I remember being engulfed by nausea and a surreal emptiness. I felt as if Lieutenant Jones was spiritually nearby and not letting go of his previous life, waiting to see if I would "screw up" and move him somewhere against his desires. I briefly and intensely thought about his family. Finally, I moved forward and asked two corpsmen next to me to each take a corner of the leaking body bag and carefully and respectfully empty it into the new and recently opened bag. Lieutenant Jones's body slipped effortlessly inside. Additional personnel arrived shortly to ensure that his personal items were accounted for, then closed the new body bag. An ironed United States flag was unpacked, unfurled and placed gingerly across the body bag.

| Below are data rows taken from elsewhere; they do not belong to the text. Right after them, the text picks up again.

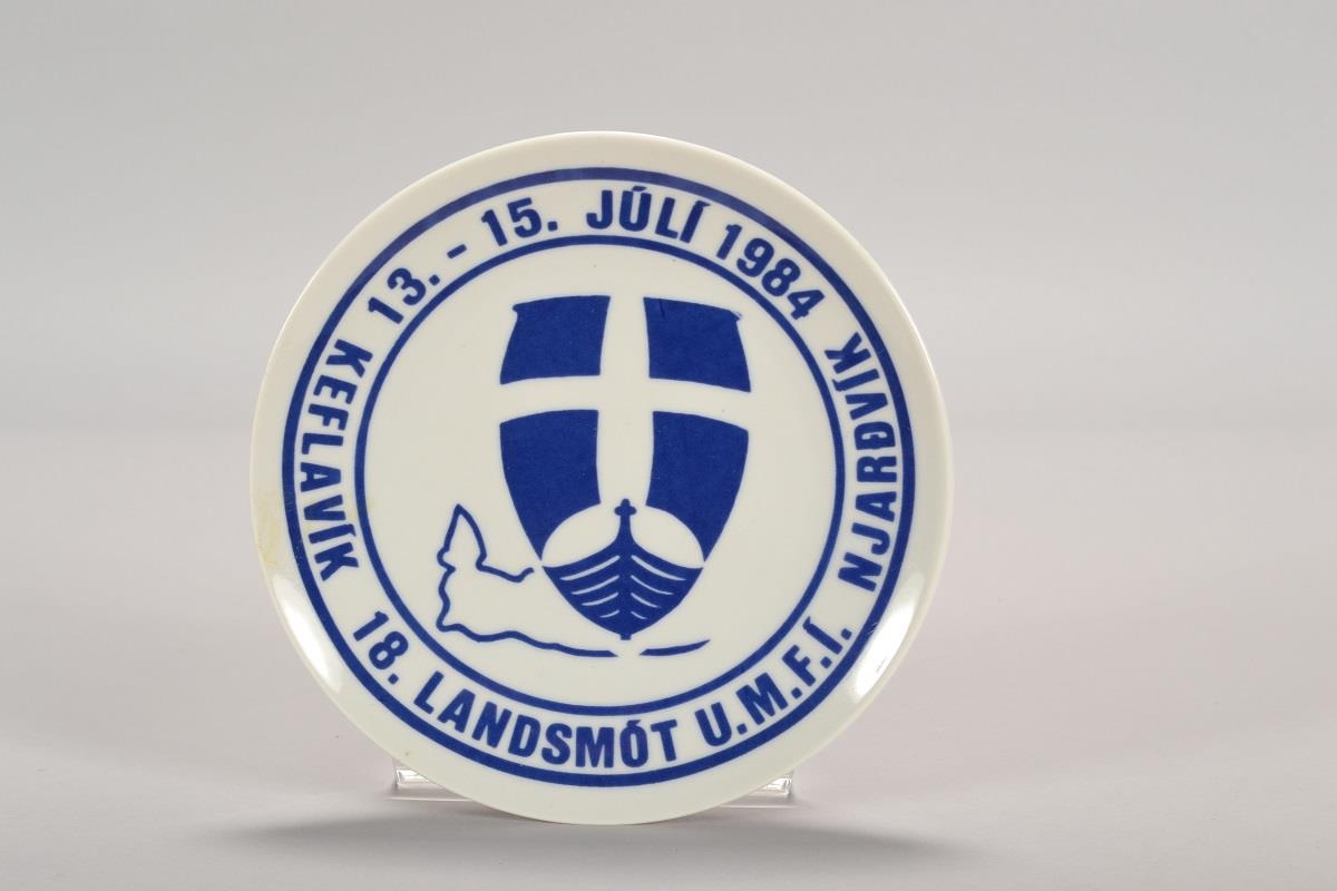 Hvítur postulínsdiskur með bláu letri og merki, áletrun „Landsmót UMFÍ, Njarðvík, Keflavík, 13.-15. júlí 1984“ , merkt á bakhlið: „Asl. Dóra og Stefán“
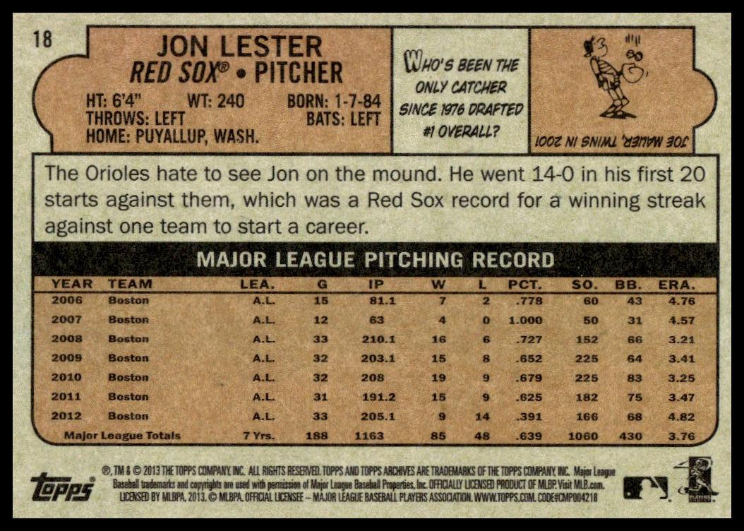 This Baseball card, from 2013 is part of the Topps Archives card set. Jon Lester is featured and has a card number of 18.
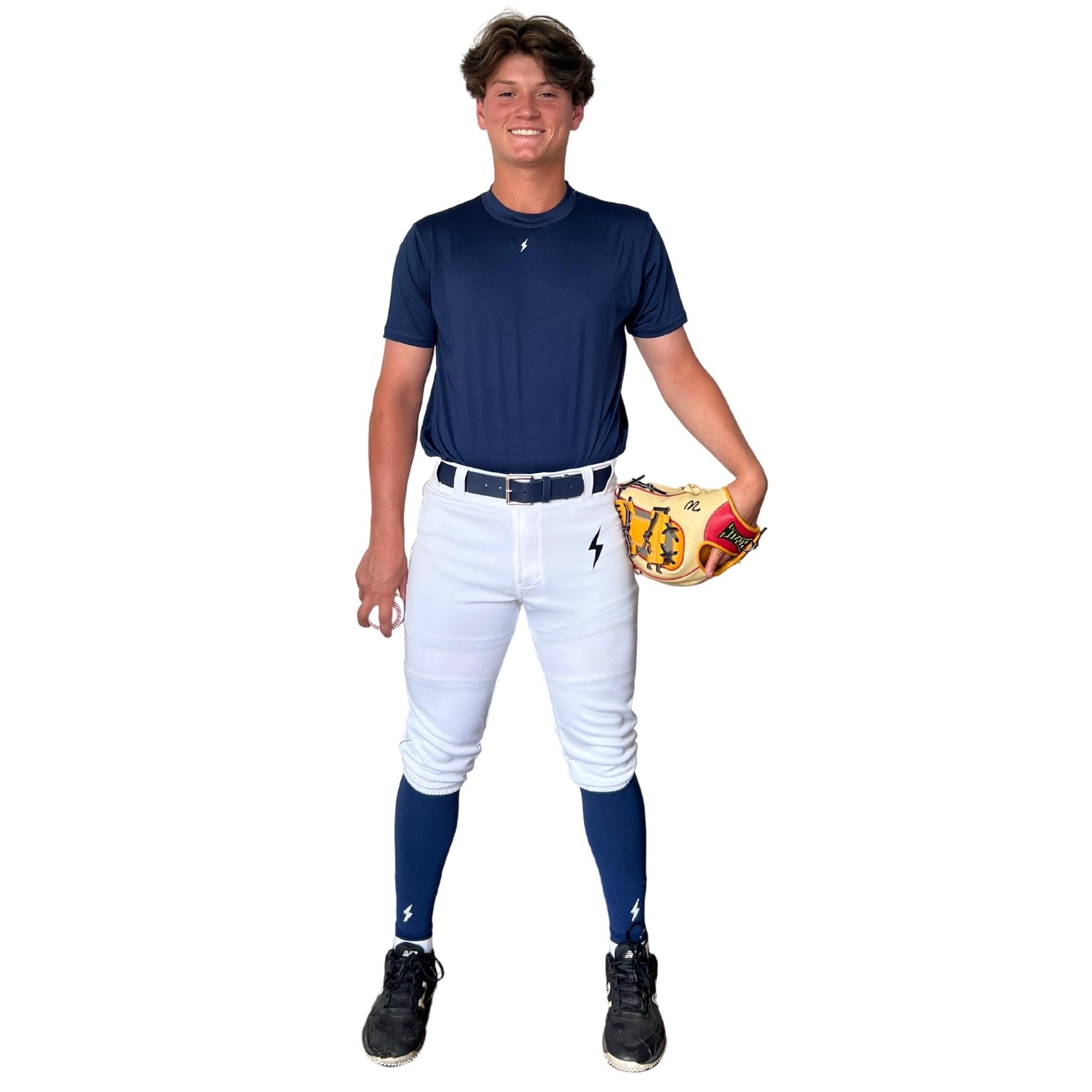 BRUCE BOLT Premium Pro Baseball Knicker – WHITE w/ Navy
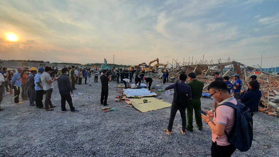 16h30: Lực lượng chức năng tỉnh Đồng Nai đang đến hiện trường vụ đổ sập bức tường tại huyện Trảng Bom khiến 10 người chết.
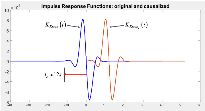 An approximately causal IRF is obtained through a timeshifting method. Figure A.1 shows that for all times less than -t_{c} ( t_{c}\approx I2 s for this example), the IRF is approximately zero. A time delay, t_{c} , is introduced to shift the original IRF to obtain a “causalised” IRF, K_{E x c t n_{c}}\left(t\right)=K_{E x c t n_{c}}\left(t-t_{c}\right). . Figure A.1 shows that this time-shifted IRF (red) is approximately zero for negative time. Equation (A.4), in terms of K_{E x c t n_{c}}\left(t\right) and \zeta_{c}\left(t\right) , follows directly from Eq. (3) and the time-shift properties of Fourier transforms, where \zeta_{c}\left(t\right)=\zeta\left(t+t_{c}\right) is the wave elevation predicted at time t_{c} into the future. To implement this approach, a wave-prediction model must be used to predict the wave elevation for future times. Within OpenFAST simulations, this is not an issue because the wave elevation is precalculated at model initialization, so the future wave elevations are already available. In practice, the future wave evaluation could be estimated (e.g., by measuring the wave elevation with a buoy and approximating the wave evolution).
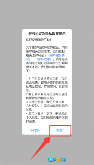 1. 于服务协议及隐私政策窗口点击“同意”,便可进入应用。
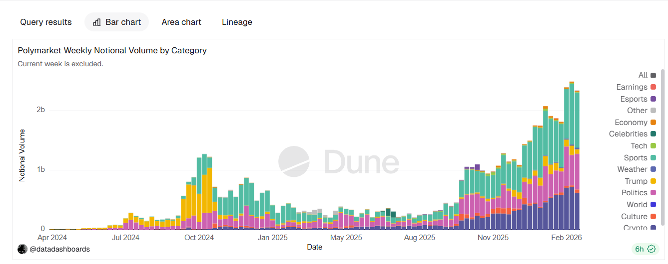 Prediction market activity has been rising since the beginning of the recent US and Israeli military conflict with Iran. Politics-related contracts soared to become the third-largest category on Polymarket at $598 million and the eighth-largest on Kalshi with $16 million, based on last week’s notional trading volume seen on Dune.

Many State Department employees share in today’s overlapping deployments with Department of Defense veterans, serving in forward operating bases in Iraq and other hazardous areas of the world. The Department of State's Mental Health Department evaluates and treats many returning employees for post-deployment stress reactions and disorders that include post-traumatic stress disorder and traumatic brain injury. These unheralded heroes of the backwaters who work in Provincial Reconstruction Team areas of Iraq, as well as other deployments, serve one to five year tours of duty often in the most austere conditions. We wish to remind AFP's readers of their service during these challenging times.

Christopher J. Kowalsky, MD
CAPT, MC, USN (Retired)
Director, Deployment Stress Management Program
U.S. Department of State

1 comment:

  1. I consider it a national scandal that the United States has not gone above and beyond the call of duty to care for our men and women who have gone beyond the call of duty to serve in Iraq and Afghanistan where our presence serves no vital strategic purpose.

    I send all my blessings to physicians like Dr. Kowalsky who are attempting to treat the victims of our cultural confusion.